Personal information
- Born: March 9, 1893 Linton, Indiana, U.S.
- Died: September 9, 1976 (aged 83) Pottsville, Pennsylvania, U.S.
- Listed height: 5 ft 10 in (1.78 m)
- Listed weight: 170 lb (77 kg)

Career information
- High school: Linton
- College: Indiana

Career history
- Muncie Flyers (1920);
- Stats at Pro Football Reference

= Spencer Pope =

American football player (1893–1976)

Spencer Gorden Pope Sr. (March 9, 1893 – September 9, 1976) was an American football player and automobile dealer.

==Early years and football career==
Pope was born in 1893 in Linton, Indiana, and attended Linton High School. He then attended Indiana University where he played college football as an end for the Hoosiers in 1915 and 1916. He also competed in hurdles and served as captain of Indiana's track team.

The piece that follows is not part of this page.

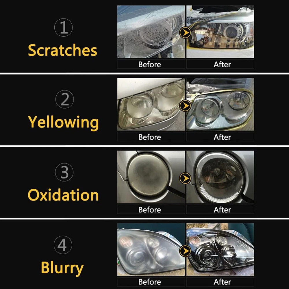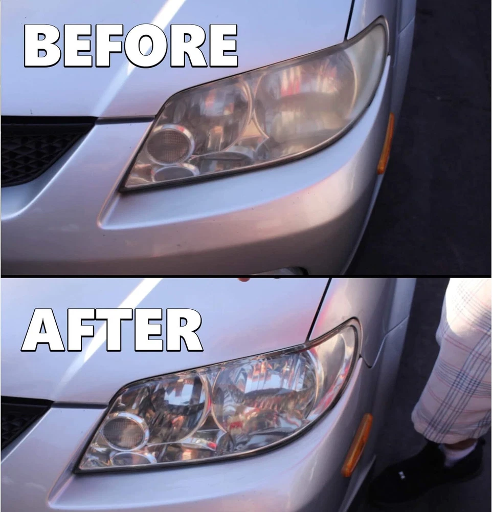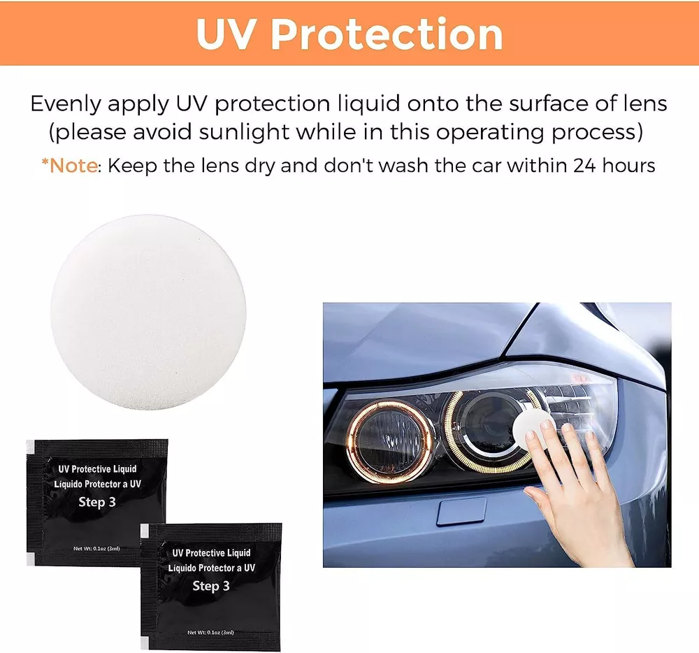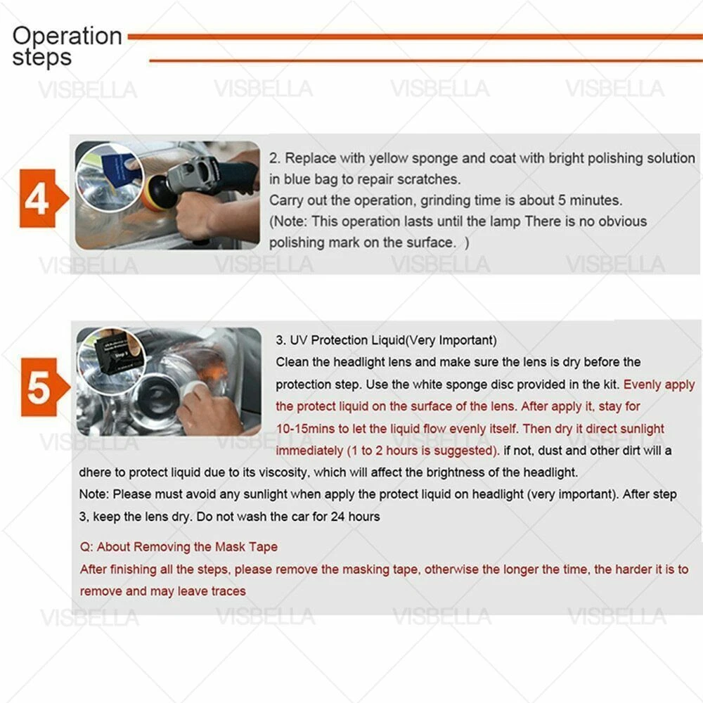 Car Headlight Lens Restoration Repair Kit Polishing Cleaner Cleaning Tools Clean Item Description Description: Professional headlight restoration kit lets your shine and restore plastic lenses, including headlights, taillights, fog and directional lights. By restoring clarity to lens, the performance of the headlight is improved and the appearance of the vehicle is enhanced. Now you can produce professional results with the headlight lens restoration kit. Kit includes all kit includes all items necessary to perform the task except for the masking tape. Two ways for choose: Manual or Machine. Machine polishing will generally yield better results. Features and Advantages: 1. Designed to restore clarity to headlight lenses that have become yellowed, cloudy, or hazy. 2. Headlight lens restoration kit improves the performance of the headlight. 3. Three easy steps: sand, polish and protect. 4. Easier than replacing an old headlight 5. Comes with easy-to-use instructions. 6. Car headlight, restoration kit does not include household polishing machine. 7. Restores headlights, taillights, fog lights or directional lights. 8. This kit is intended to restore 2 headlights. Packing List: 2x P800 Sanding Discs 2x P1200 Sanding Discs 2x P2000 Sanding Discs 1x Orange Sponge Disc 2x 28.3ml Polish Paste 2x 3.0ml Protect Liquid 1x Tape (300x2cm) 1x Backer Pad M10 Thread 1x Adaptor 1x Sponge Disc White How to Operate: Prepare : Clean the headlight lens with water. Mask off the surrounding perimeter of the lens to avoid scratching the paint of the vehicle. Step1. Sand Wet the sanding disc and attach it to the backer pad. Sand with three different grits to completely remove the heavy yellowing, fading, and corrosion. Note : Use the sanding discs from coarse to fine: P800--> P1200--P2000. Not doing so will result in restoration failure Step2. Polish Attach. the orange sponge disc to the backer pad and apply the polish paste. Polish the lens until the shine is restored to its condition. Note : For best results, use an electric buffer or polisher. If polishing by hand, polish with no less than 200 strokes in a circular, clockwise motion. Step3. UV Protection Liquid (Important) Clean the headlight lens and make sure the lens is dry before the protection step. Use the white sponge disc provided in the kit. Evenly apply the protect liquid on the surface of the lens. After apply it, stay for 10-15mins to let the liquid flow evenly itself. Then dry it direct sunlight immediately (1 to 2 hours is suggested). if not, dust and other dirt will adhere to protect liquid due to its viscosity, which will affect the brightness of the headlight. Note: Please must avoid any sunlight when apply the protect liquid on headlight (very important). After step 3, keep the lens dry. Do not wash the car for 24 hours Step4. About removing the Masking Tape After finishing all the steps, please remove the mask tape, otherwise the longer the time, the harder it is to remove and may leave traces Detail Images Shipment All item will be carefully packaged very well with safe material and shipped to US States. Items will be sent in 2 working days,usually shipped by USPS Priority Mail. It will take about 3-5 days to US addresses. If you would like to ship by other shipment methods,please contact us.( shipping cost will be combined for multiple items you purchase at a time.) Payment Only PayPal is acceptable.It is a safe and easy payment method for buyers. Please pay in 48 hours after you win the item(s).If payment cannot be made in five days,your order(s) will be claimed as unpaid case and the item will be relisted. Return & Refund Customer satisfaction is our first priority. 30-days return is available after delivery. However, return shipping and insurance cost will be on buyers. Please email us before returning. Delivery date will be different according to UPS or USPS tracking system, so please inspect your item immediately upon arrival. Money will be return to you after the return item is sent back. We can not refund to you, if your return item is broken or damaged. Please ensure its safety. Feedback Your feedback is very important to us. If you can't leave us a "5-Star" rating and a positive feedback, please contact us without hesitation before leaving feedback. We are eager to work with our customers. We believe in communication. Give us a call or send us an email, we will make things right for our buyers. Positive feedback for our buyers will be left automatically by eBay Seller Manager Pro.

Pope's college education was interrupted by service in the U.S. Army during World War I in 1917 and 1918. He served in the 25th Infantry and held the rank of captain. He was stationed at Camp Shelby in Mississippi where he played for the Camp Shelby football team.

In the summer of 1919, Pope announced that he would return to Indiana University in the fall of 1919. He played for the Indiana football team in 1919. In June 1920, he received the Jacob Gimbel Prize for "superior mental attitude in athletics at Indiana university."

Pope also played one game of professional football in October 1920 as an end for the Muncie Flyers in the American Professional Football Association.

==Automotive business and family==
After graduating from Indiana, he worked for the Marmon Motor Car Company in Indianapolis. He held positions as wholesale manager and then retail sales manager in Philadelphia. He became a distributor for the company in 1925 at Pottsville, Pennsylvania. In 1931, he received a Buick automobile franchise in Pottsville. Between 1931 and 1960, it was estimated that he had sold over 14,000 automobiles. His company was known as Pope Motor Company.

Pope married Bertha Seligman in 1924. They had a son Spencer Pope Jr. Pope died in 1976 at age 83 at Pottsville Hospital.